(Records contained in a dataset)

§

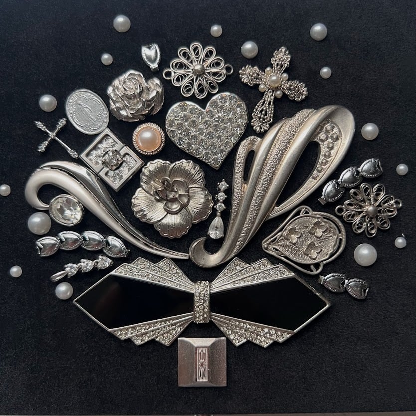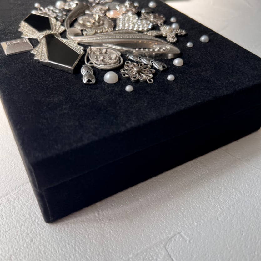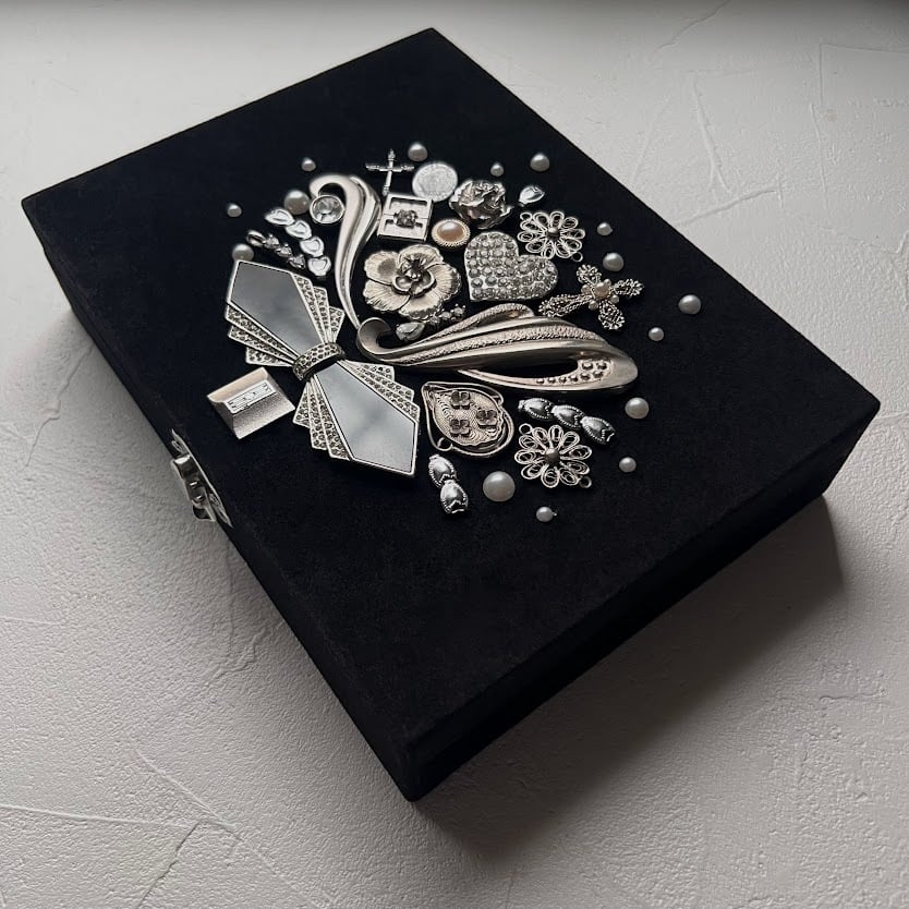 新品のジュエリーボックスに、時代を感じるモチーフ達を花束に見立てて装飾した、1点もののアップサイクルジュエリーボックスです。
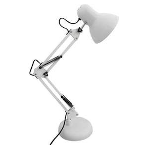 Luminária de mesa articuladal manicure escritorio branca Luminária de mesa Nada como ter em seu espaço conforto para trabalhar A luminária é um item essencial para garantir qualidade ao serviço a ser feito, além de ser um objeto lindo para decorar o espaço Ideal para desempenho de tarefas minunciosas, bancada de manicure e designer sobrancelhas, cílios de unhas/alongamentos;para mesa de escritório e home oficce. -cupula e base branca; -altura máxima de 60cm; -foco direcionável; -bivolt 127/220v; -para uso com lâmpada não inclusa fluorescente; -fio com 1m; -botão de liga/desliga no plug do fio; -soquete rosca e27; -tomada com 2 pinos; -marca m&c. Marca: Não Informado
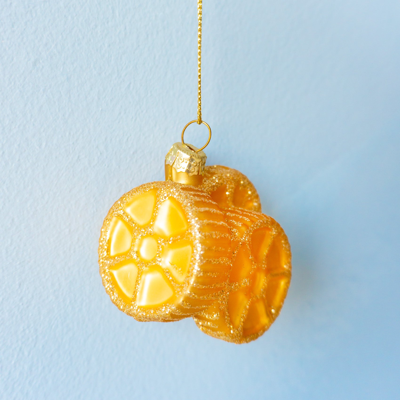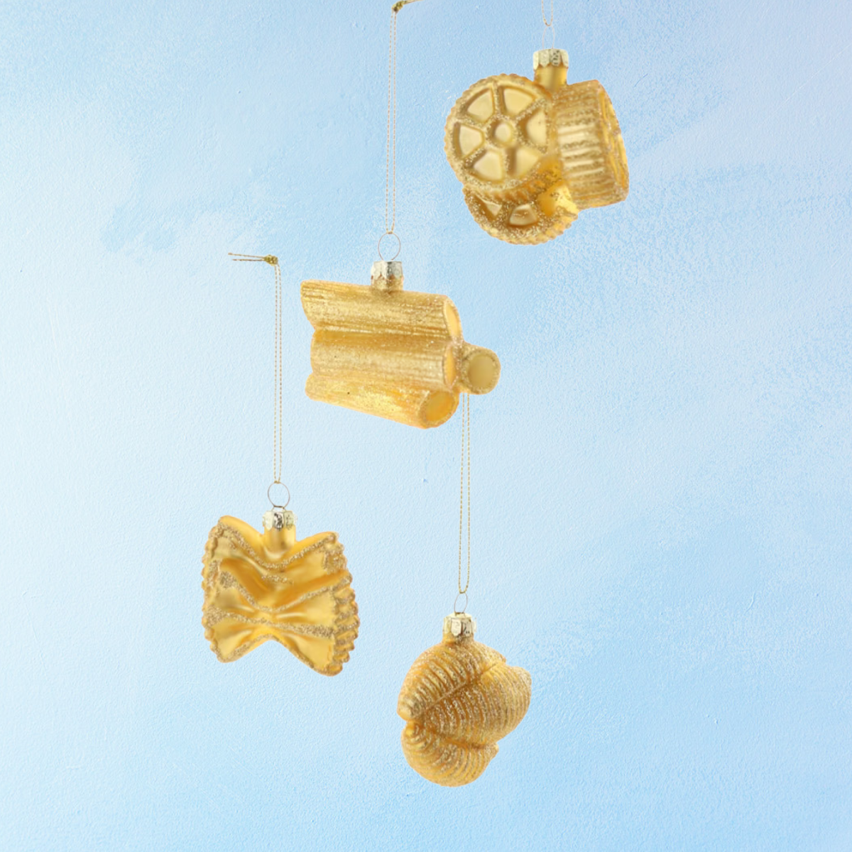 Assorted pasta shapes to add some whimsy to your holiday décor this season. Each ornament is made of glass, with glitter detail throughout. Ornament comes with string attached for hanging.
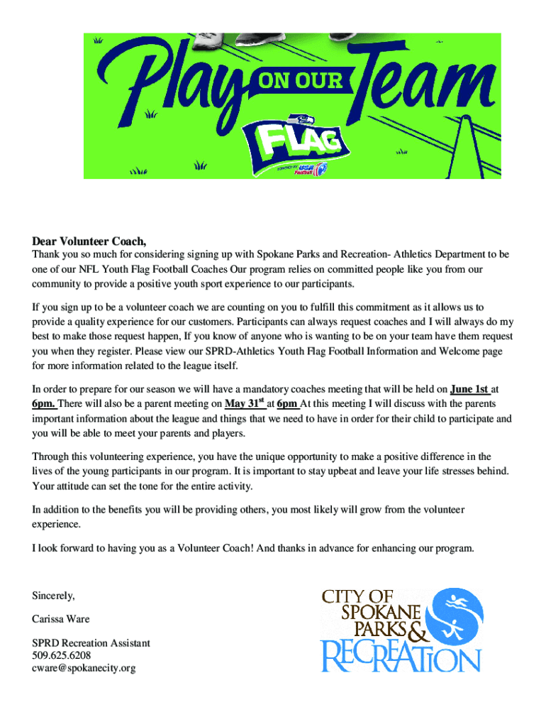 Thank you so much for considering signing up with Spokane Parks and Recreation Athletics Department to be
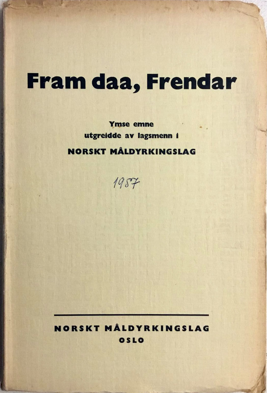 Oslo 1957. Norsk måldyrkingslag. Stor. 8vo, 112 s. Hefta. Lyst omslag med svart ryggskrift, I god stand
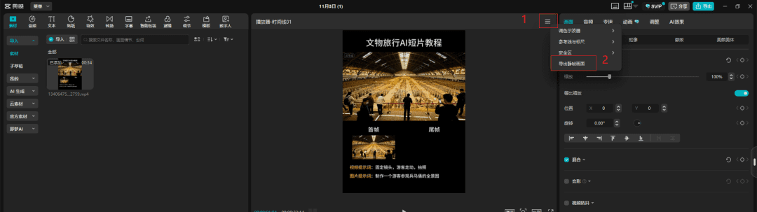 2.拖动时间线,找到你想复刻的那一帧画面,点击右上角 “导出静帧画面”。
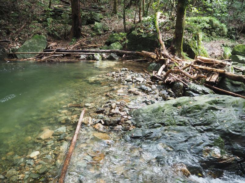 七の滝を過ぎるとややゆるやかになり川幅が広くなりました。みんなはここでランチかな、と思っていると私の進むべき登山道が川の向こうに見えるではないですか!えっっ、ここを渡る?!無理無理無理。やはり水量が多くて渡れそうにありません。一人だし無理せず撤退か?と思ったのですがとりあえず先に進んで渡れそうなところを探しウロウロ。なんとか水量が少なくて足場がある所を見つけて渡りました。これ2個目の核心。

§

Task
With the images omitted, output all entries exactly as given.

Output of the exercise
 新品のジュエリーボックスに、時代を感じるモチーフ達を花束に見立てて装飾した、1点もののアップサイクルジュエリーボックスです。
 Luminária de mesa articuladal manicure escritorio branca Luminária de mesa Nada como ter em seu espaço conforto para trabalhar A luminária é um item essencial para garantir qualidade ao serviço a ser feito, além de ser um objeto lindo para decorar o espaço Ideal para desempenho de tarefas minunciosas, bancada de manicure e designer sobrancelhas, cílios de unhas/alongamentos;para mesa de escritório e home oficce. -cupula e base branca; -altura máxima de 60cm; -foco direcionável; -bivolt 127/220v; -para uso com lâmpada não inclusa fluorescente; -fio com 1m; -botão de liga/desliga no plug do fio; -soquete rosca e27; -tomada com 2 pinos; -marca m&c. Marca: Não Informado
 Assorted pasta shapes to add some whimsy to your holiday décor this season. Each ornament is made of glass, with glitter detail throughout. Ornament comes with string attached for hanging.
 Thank you so much for considering signing up with Spokane Parks and Recreation Athletics Department to be
 Oslo 1957. Norsk måldyrkingslag. Stor. 8vo, 112 s. Hefta. Lyst omslag med svart ryggskrift, I god stand
 2.拖动时间线,找到你想复刻的那一帧画面,点击右上角 “导出静帧画面”。
 七の滝を過ぎるとややゆるやかになり川幅が広くなりました。みんなはここでランチかな、と思っていると私の進むべき登山道が川の向こうに見えるではないですか!えっっ、ここを渡る?!無理無理無理。やはり水量が多くて渡れそうにありません。一人だし無理せず撤退か?と思ったのですがとりあえず先に進んで渡れそうなところを探しウロウロ。なんとか水量が少なくて足場がある所を見つけて渡りました。これ2個目の核心。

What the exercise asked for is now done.